=== Problem to solve ===
Your copy should hold only the lines from the one with "уверен в себе." to the one with "For example, note", both included, each exactly as it stands below, with no pictures.

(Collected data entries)
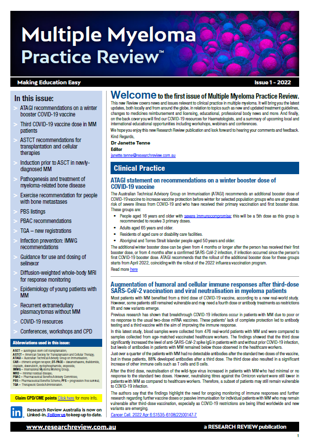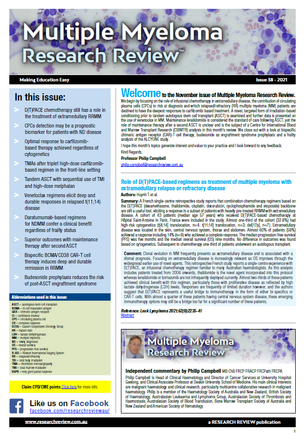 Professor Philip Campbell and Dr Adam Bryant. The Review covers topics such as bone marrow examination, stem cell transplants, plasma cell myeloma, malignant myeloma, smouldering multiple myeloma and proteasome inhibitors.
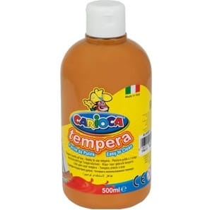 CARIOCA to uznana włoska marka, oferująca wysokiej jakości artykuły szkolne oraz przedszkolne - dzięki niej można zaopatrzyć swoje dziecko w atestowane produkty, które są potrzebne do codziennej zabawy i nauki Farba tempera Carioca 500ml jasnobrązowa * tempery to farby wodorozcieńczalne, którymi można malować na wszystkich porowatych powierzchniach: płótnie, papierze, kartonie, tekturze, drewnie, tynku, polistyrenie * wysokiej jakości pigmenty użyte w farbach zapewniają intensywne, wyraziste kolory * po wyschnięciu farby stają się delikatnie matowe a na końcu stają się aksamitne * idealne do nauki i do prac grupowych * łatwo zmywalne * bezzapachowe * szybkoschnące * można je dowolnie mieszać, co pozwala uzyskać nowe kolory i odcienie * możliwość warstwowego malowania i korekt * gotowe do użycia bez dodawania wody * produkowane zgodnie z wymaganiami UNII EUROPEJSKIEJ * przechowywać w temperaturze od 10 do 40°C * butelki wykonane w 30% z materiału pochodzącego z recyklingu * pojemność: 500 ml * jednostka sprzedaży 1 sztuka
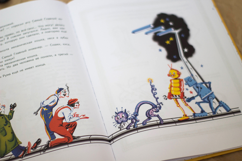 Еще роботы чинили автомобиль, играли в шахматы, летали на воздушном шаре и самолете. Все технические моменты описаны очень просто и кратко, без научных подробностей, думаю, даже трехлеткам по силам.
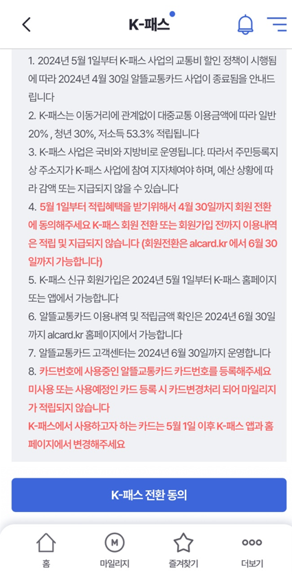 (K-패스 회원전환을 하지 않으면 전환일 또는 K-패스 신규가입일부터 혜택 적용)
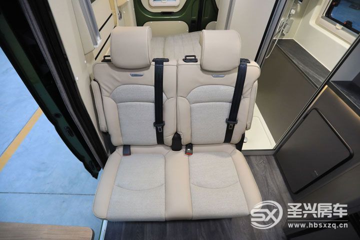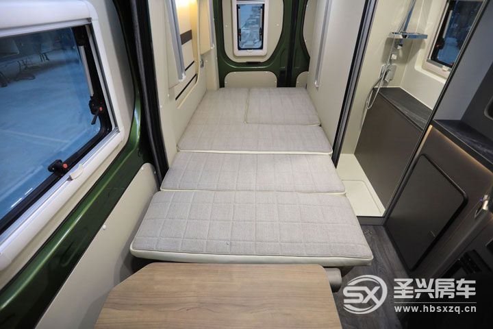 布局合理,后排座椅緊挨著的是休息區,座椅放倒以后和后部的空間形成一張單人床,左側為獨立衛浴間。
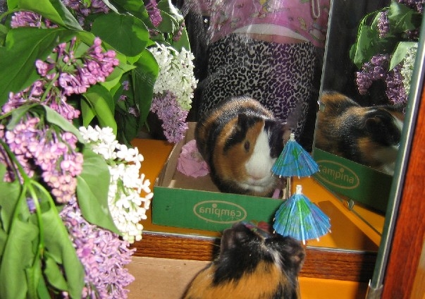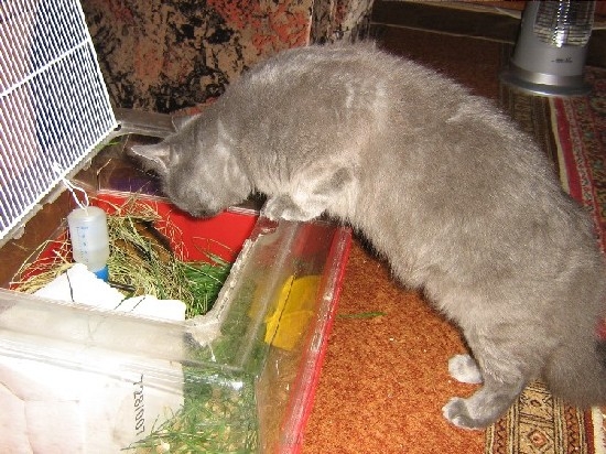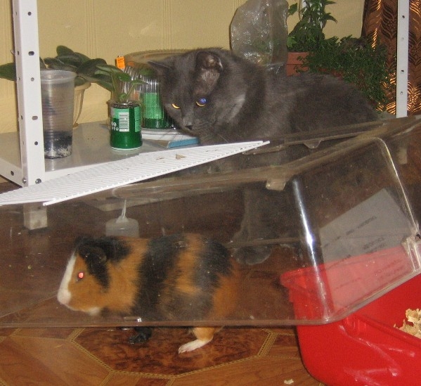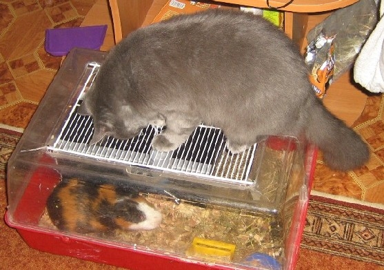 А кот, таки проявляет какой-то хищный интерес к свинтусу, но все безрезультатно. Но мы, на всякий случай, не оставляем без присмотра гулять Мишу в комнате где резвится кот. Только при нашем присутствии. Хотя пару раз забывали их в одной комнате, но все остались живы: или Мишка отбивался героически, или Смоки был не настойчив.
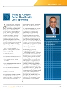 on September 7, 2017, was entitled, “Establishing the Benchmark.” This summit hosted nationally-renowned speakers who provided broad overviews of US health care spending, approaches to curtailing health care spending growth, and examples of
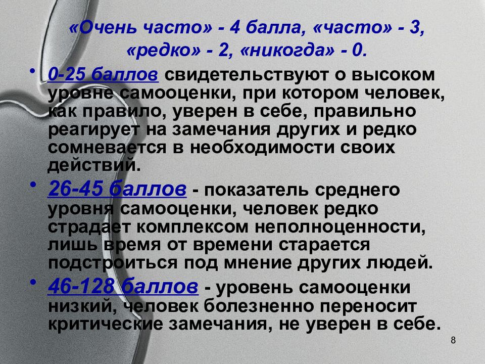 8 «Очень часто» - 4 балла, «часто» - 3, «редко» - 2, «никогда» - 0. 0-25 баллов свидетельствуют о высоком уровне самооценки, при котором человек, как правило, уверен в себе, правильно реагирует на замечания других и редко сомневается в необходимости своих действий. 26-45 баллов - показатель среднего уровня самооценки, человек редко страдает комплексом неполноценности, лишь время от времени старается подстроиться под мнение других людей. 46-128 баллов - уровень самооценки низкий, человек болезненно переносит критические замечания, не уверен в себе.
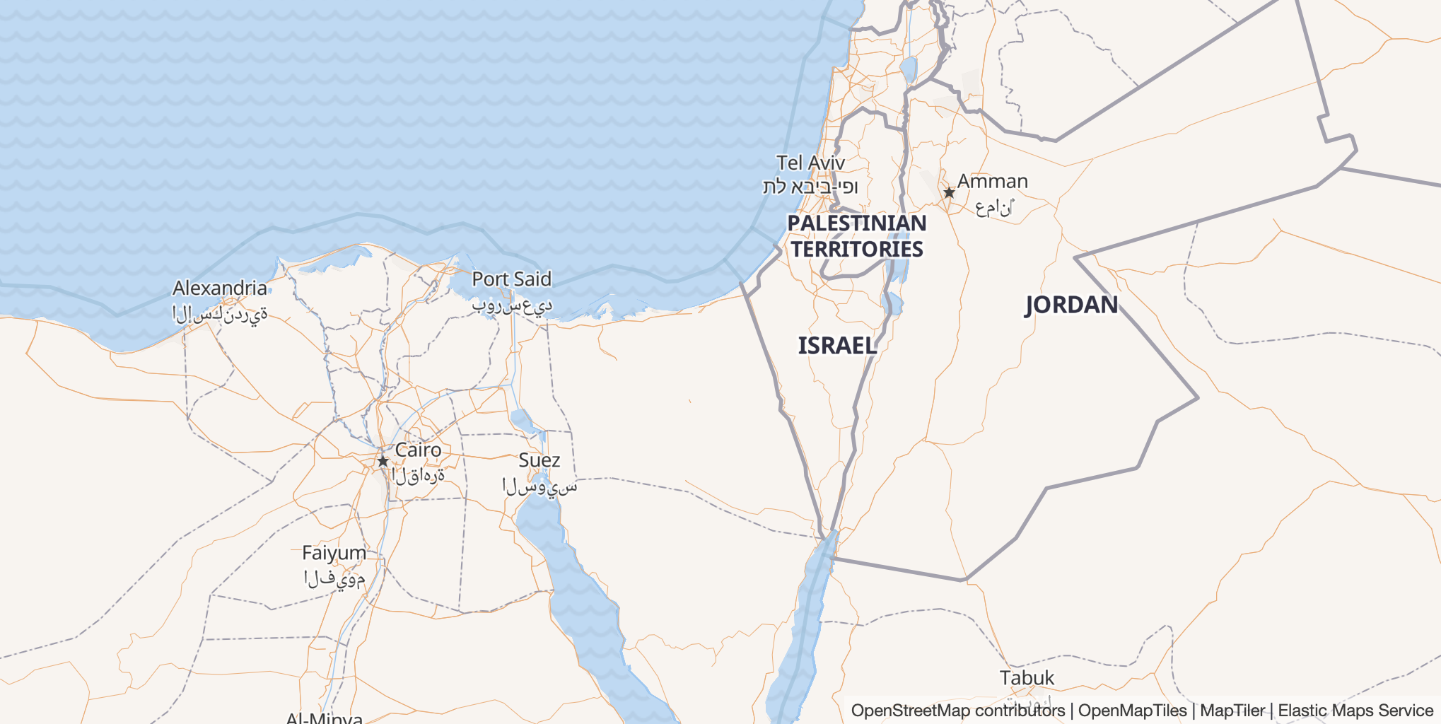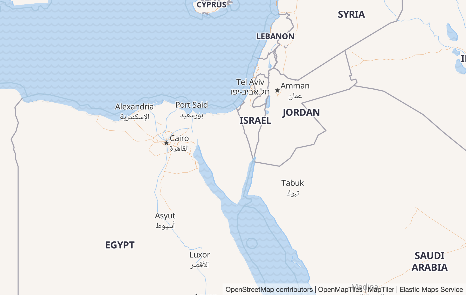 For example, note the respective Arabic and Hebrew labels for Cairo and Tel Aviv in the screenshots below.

* * *

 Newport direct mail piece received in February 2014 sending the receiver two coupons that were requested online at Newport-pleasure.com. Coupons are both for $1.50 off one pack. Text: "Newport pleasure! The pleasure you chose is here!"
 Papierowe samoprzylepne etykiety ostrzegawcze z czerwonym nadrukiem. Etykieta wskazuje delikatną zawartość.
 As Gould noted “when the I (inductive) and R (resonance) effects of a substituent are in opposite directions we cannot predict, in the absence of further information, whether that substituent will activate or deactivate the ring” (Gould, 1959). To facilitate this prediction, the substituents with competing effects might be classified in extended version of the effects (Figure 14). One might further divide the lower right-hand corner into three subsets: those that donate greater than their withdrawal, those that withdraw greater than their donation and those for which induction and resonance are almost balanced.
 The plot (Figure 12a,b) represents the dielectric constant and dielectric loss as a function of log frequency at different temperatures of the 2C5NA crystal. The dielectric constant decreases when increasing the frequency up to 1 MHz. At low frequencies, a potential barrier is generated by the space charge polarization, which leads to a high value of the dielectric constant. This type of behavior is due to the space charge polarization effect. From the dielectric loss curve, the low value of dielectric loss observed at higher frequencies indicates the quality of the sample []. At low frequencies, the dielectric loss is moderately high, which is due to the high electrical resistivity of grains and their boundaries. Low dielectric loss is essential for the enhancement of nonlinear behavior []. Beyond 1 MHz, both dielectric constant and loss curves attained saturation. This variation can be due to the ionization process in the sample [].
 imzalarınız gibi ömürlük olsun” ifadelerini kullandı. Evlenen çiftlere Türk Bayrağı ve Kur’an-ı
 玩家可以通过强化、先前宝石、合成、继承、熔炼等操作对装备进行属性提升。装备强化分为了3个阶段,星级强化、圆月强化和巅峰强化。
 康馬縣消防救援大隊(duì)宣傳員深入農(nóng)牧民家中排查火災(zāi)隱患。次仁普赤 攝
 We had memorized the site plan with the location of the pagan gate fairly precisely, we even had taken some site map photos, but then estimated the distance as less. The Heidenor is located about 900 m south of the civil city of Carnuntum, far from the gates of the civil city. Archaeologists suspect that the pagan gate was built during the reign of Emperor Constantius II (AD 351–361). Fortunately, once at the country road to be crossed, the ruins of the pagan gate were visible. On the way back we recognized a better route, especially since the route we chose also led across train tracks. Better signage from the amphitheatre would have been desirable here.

=== Result for this exercise ===
 8 «Очень часто» - 4 балла, «часто» - 3, «редко» - 2, «никогда» - 0. 0-25 баллов свидетельствуют о высоком уровне самооценки, при котором человек, как правило, уверен в себе, правильно реагирует на замечания других и редко сомневается в необходимости своих действий. 26-45 баллов - показатель среднего уровня самооценки, человек редко страдает комплексом неполноценности, лишь время от времени старается подстроиться под мнение других людей. 46-128 баллов - уровень самооценки низкий, человек болезненно переносит критические замечания, не уверен в себе.
 For example, note the respective Arabic and Hebrew labels for Cairo and Tel Aviv in the screenshots below.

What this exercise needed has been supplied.